For those geeks who’ve been loving David Lapham’s new Goonies-meets-Them! comic Juice Squeezers, the final issue of this four-part series will offer a satisfying ending. But not a great one.

Here’s the official word from Dark Horse:

The deadliest bug battle in the history of Weeville is imminent when the Juice Squeezers awaken the dormant horde below Valley May Farms! But what secrets hide below the surface? If he can live through the insect onslaught, the newest Squeezer might just find something truly unbelievable!

All in all David Lapham’s strangely brilliant coming-of-age series Juice Squeezers has been a Juicepleasure to read, but mostly because the premise is so damn quirky. A group of kids gets called upon to battle an army of giant insects that have invaded the tunnels underneath their town. Why? Because, quite simply, kids are the only ones small enough to slither down into the tunnels. And while the premise couldn’t be any weirder, what Juice Squeezers ultimately lacks (and which issue #4 fails to fully deliver) is that essential aspect that any good coming-of-age story should contain: a story about young people going on an emotional journey. Yes, Lapham tries his best to push some character development along with issue #4 (there’s a particularly charming scene between Popper and Mr. Kettleborne) but the central action of bugs vs. man really overshadows the emotional story anchoring this mini-series. In short, the kids aren’t as cool as the monsters, and while issue #4 does an excellent job of wrapping up the plot, I finished this series realizing I never really cared about the characters. But here’s the thing: I don’t think I’d lob this criticism at any other writer than Lapham — I know it’s unfair — but the fact is he’s such a damn good writer I’ve only come to expect top-shelf characterization from his stories.

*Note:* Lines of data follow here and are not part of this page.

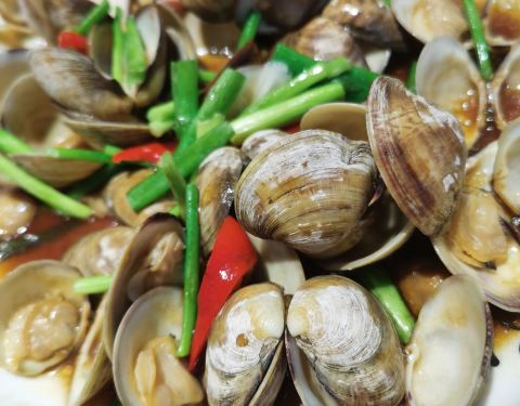 - 蔬菜碧绿,而且炒得很香,味道很好,连蒜蓉都吃光啦。 鲍鱼和花甲都很新鲜,味道也好
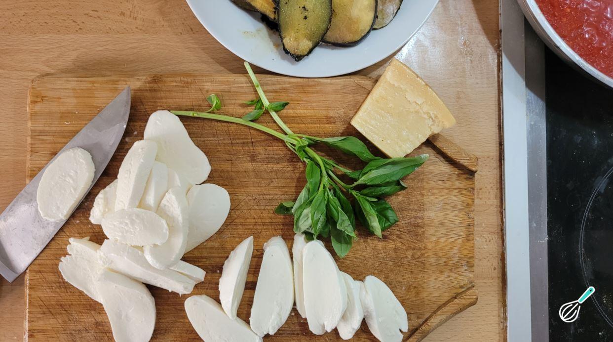 Quando todas as berinjelas estiverem douradas, podemos começar a montagem. Corte a muçarela em fatias.
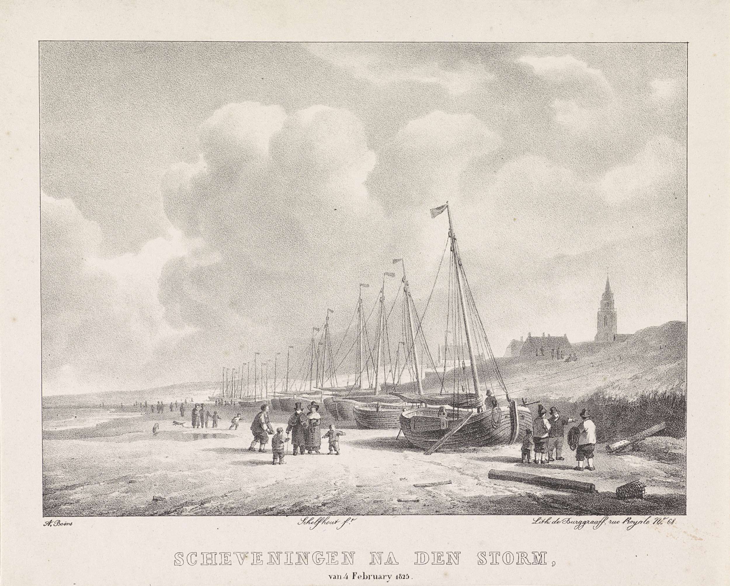 Het strand van Scheveningen na de zware storm van 4 februari 1825. Inwoners van het dorp bekijken de vissersschepen die ver op het strand zijn gesmeten. Onderdeel van een groep illustraties uit een gedenkboek van de watersnood van 1825.
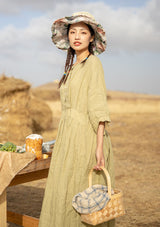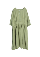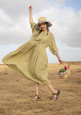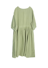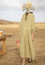 Made in refreshing pea green color, this linen dress exudes some lively and airy feeling
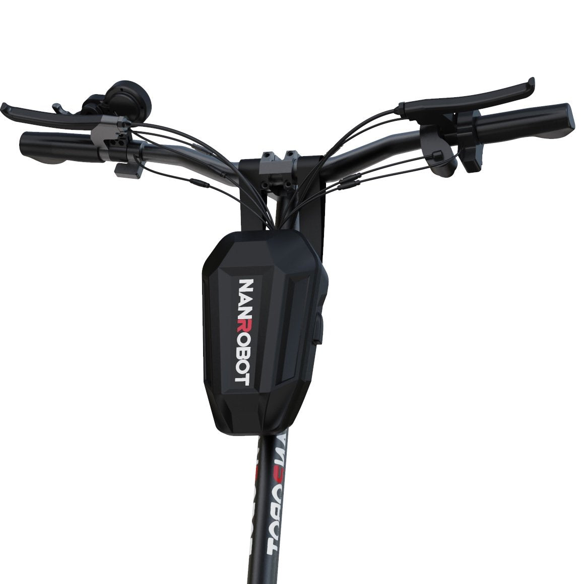 Our NANROBOT bag is a practical hard-shell waterproof pouch to carry your essentials during rides. It is spacious enough to house your external battery (up to 7kg), charger, phones, scooter lock and some first aid items.
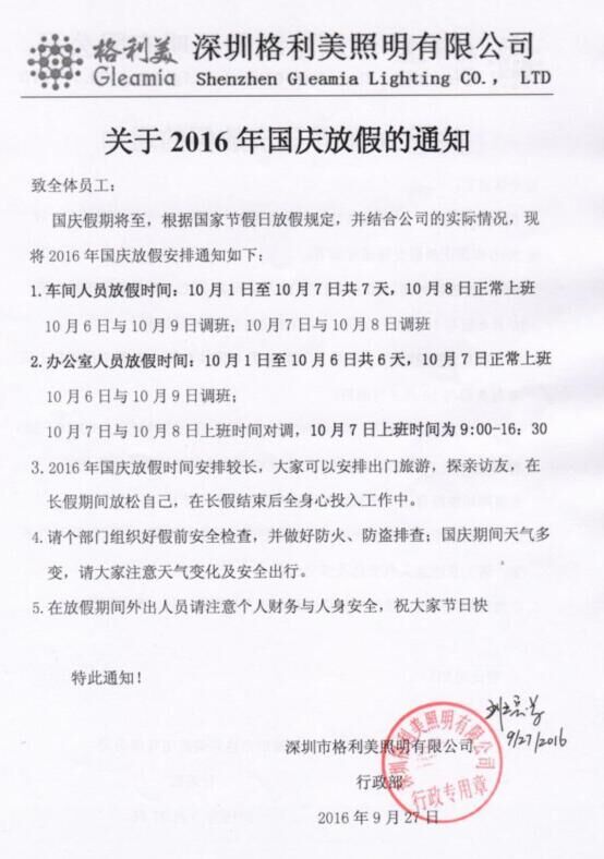 格利美照明2016年國(guó)慶節(jié)放假通知
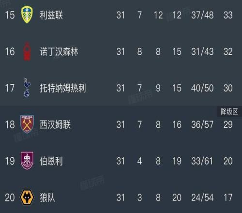 英超降级区积分榜情况
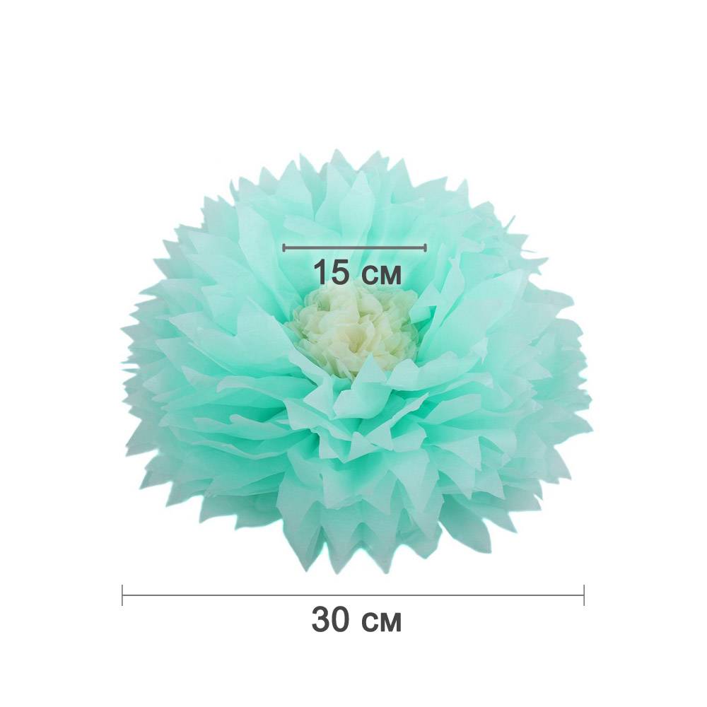 Бумажный цветок 30 см мятный+айвори
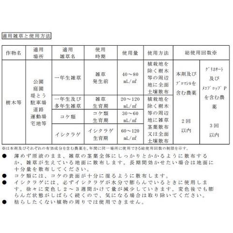 - 農薬の種類:グリホサートイソプロピルアミン塩、ブロマシル、メコプロップPカリウム塩液剤
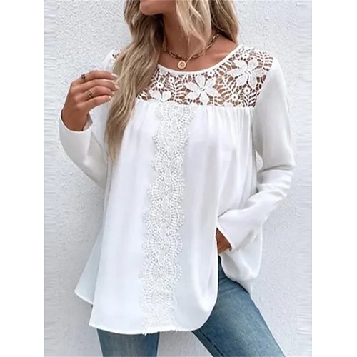 Per donna Camicia di Pizzo Pizzo Patchwork Tinta unica Elegante Casual Manica Lunga Girocollo Top Regolari Quotidiano Blu Nero Rosa Grigio Estate
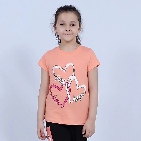 Основные характеристики: Цвет: Оранжевый Палитра - несколько основных цветов: "радуга", черный, белый, ... Остальная гамма цветов является их разновидностью, в наибольшей степени относится к одному из них.Вид одежды: ФутболкаПол: Для девочек
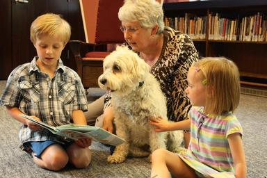 Keywords: Reading with Bailey at Kalamazoo Public Library. dogs public reading library international bailey kalamazoo therapy
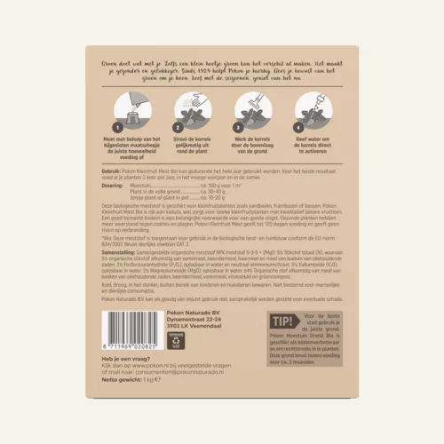 Pokon Bio Kleinfruit Mest bestaat uit een samengestelde organische NPK-meststof 5-3-5 + 2MgO. Deze meststof is toegestaan voor gebruik in de biologische land- en tuinbouw conform de EU-norm 834/2007.
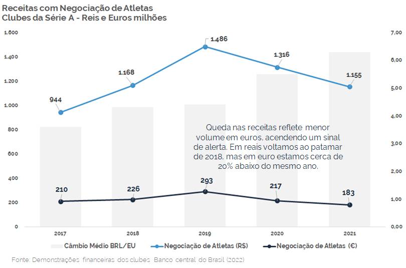 Tanto em euros quanto em reais, os valores de receitas auferidos pelos clubes da Série A brasileira sofreram redução em 2020 e 2021. Naturalmente, há uma explicação baseada na pandemia, pois todos os clubes na Europa e em mercados menores sofreram com redução de receitas, levando a corte de gastos e investimentos. Mas limitar a análise a essa informação e ignorar as transformações pelas quais o futebol europeu vem atravessando é correr o risco de ficar apenas com parte da realidade, e todos sabemos o que isso significa.
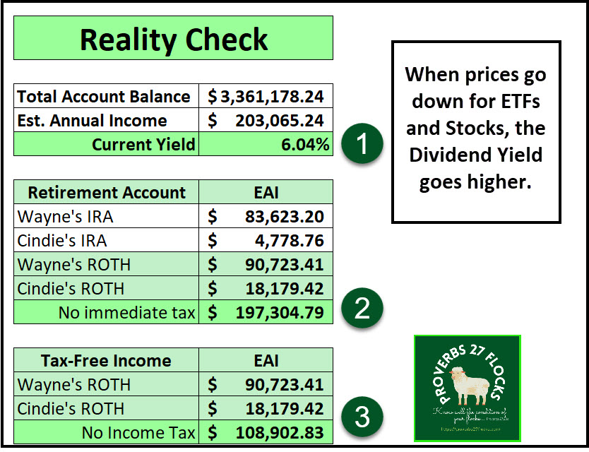 Note that our EAI for the ROTH IRA accounts this year will easily reach $108.9K. This is significant, as income taxes are not likely to go down. Remember this reality when you think about where you put your investments. I highly recommend the ROTH IRA or the ROTH 401(k) – if your employer offers that as an option.
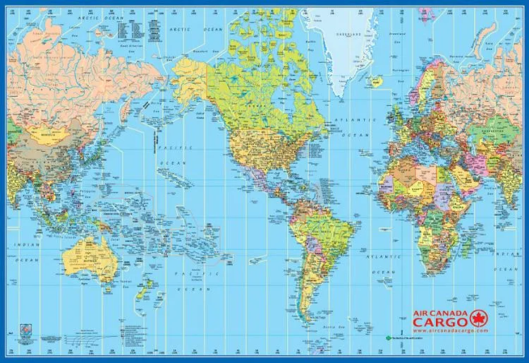 La carte du monde vue depuis les Etats-Unis et le Canada
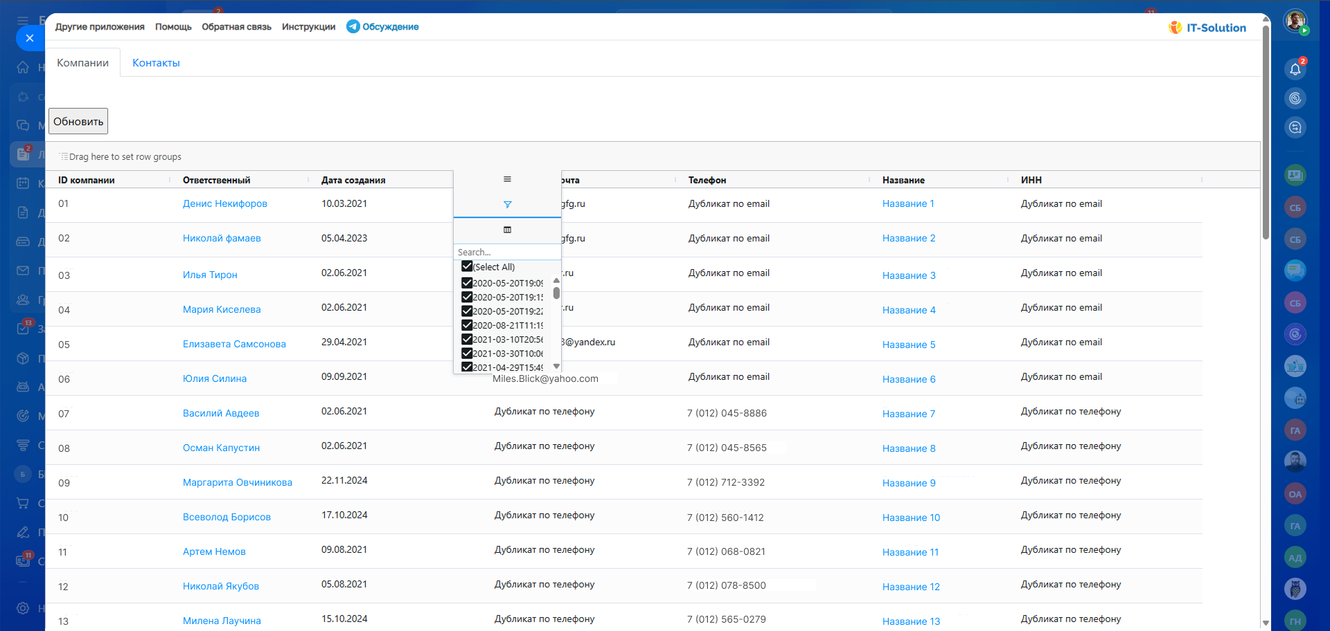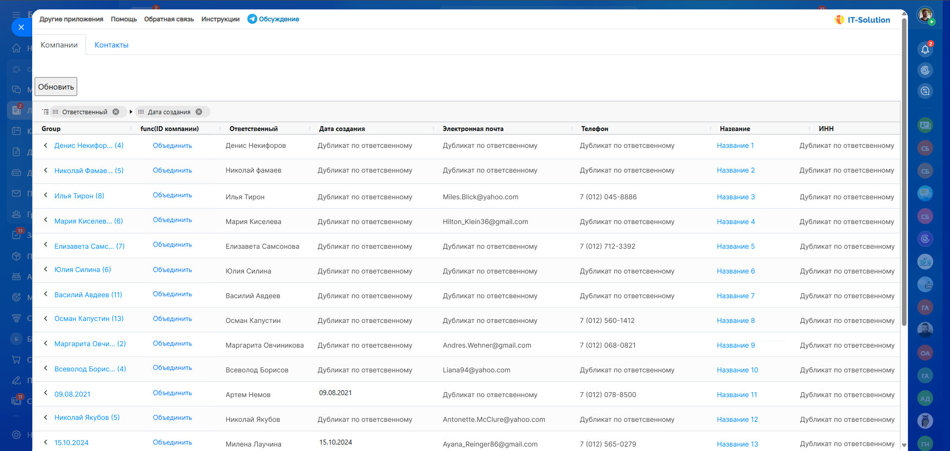 Приложение позволяет получить удобный список возможных дублей в CRM в виде удобной таблицы с группировкой по столбцам
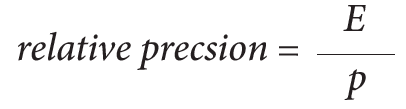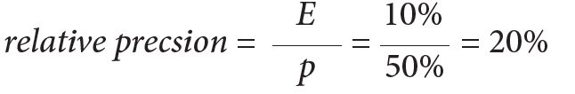 A coverage estimate of 50% (p) with a 95% confidence interval of ± 10% (E) has relative precision:
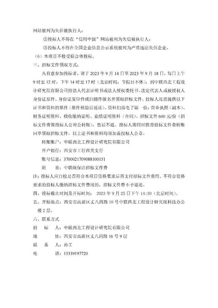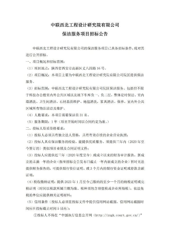中联西北工程设计研究院有限公司保洁服务项目招标公告
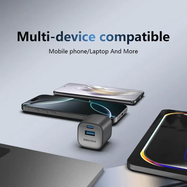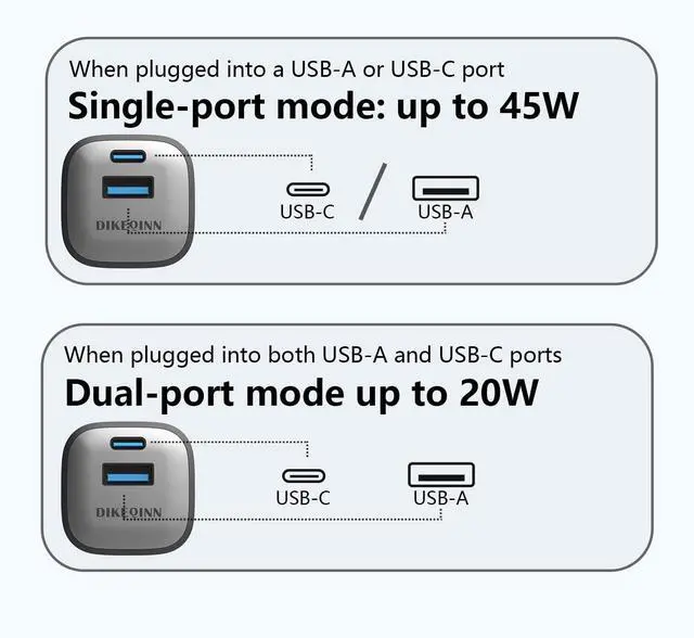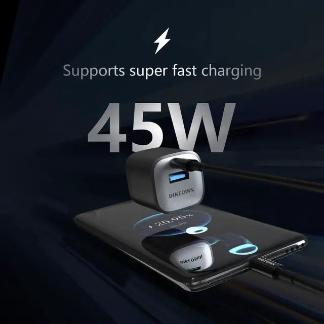 [Compact GaN Tech & Space-Saving Design] DIKEQINN 45W GaN Mini Charger (40% Smaller) 40% more compact than standard 45W USB-C chargers, egg-sized ( 1.52 × 1.4 × 1.4 in) to fit effortlessly in pockets/travel bags. GaN (Gallium Nitride) technology delivers full power in a tiny footprint, freeing up outlet space for offices, airports, or crowded power strips.
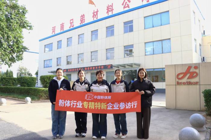 粉体网一行与济源兄弟营销部成员合影留念(中:营销部部长张祯祯;左二:营销部经理王丹丹;右二:营销部经理焦婷婷)

Despite by muted feelings about the script, no one can deny David Lapham is a damn good artist, and the art in issue #4 is as cool as anything he’s ever done. His insects are freakishly realistic and the underground battle scenes will make you feel claustrophobic.

There’s a lot to like about Juice Squeezers, and overall you have to applaud Lapham’s foray into the world of YA. But, unlike most of his work, it’s not a series I’ll re-read over and over again.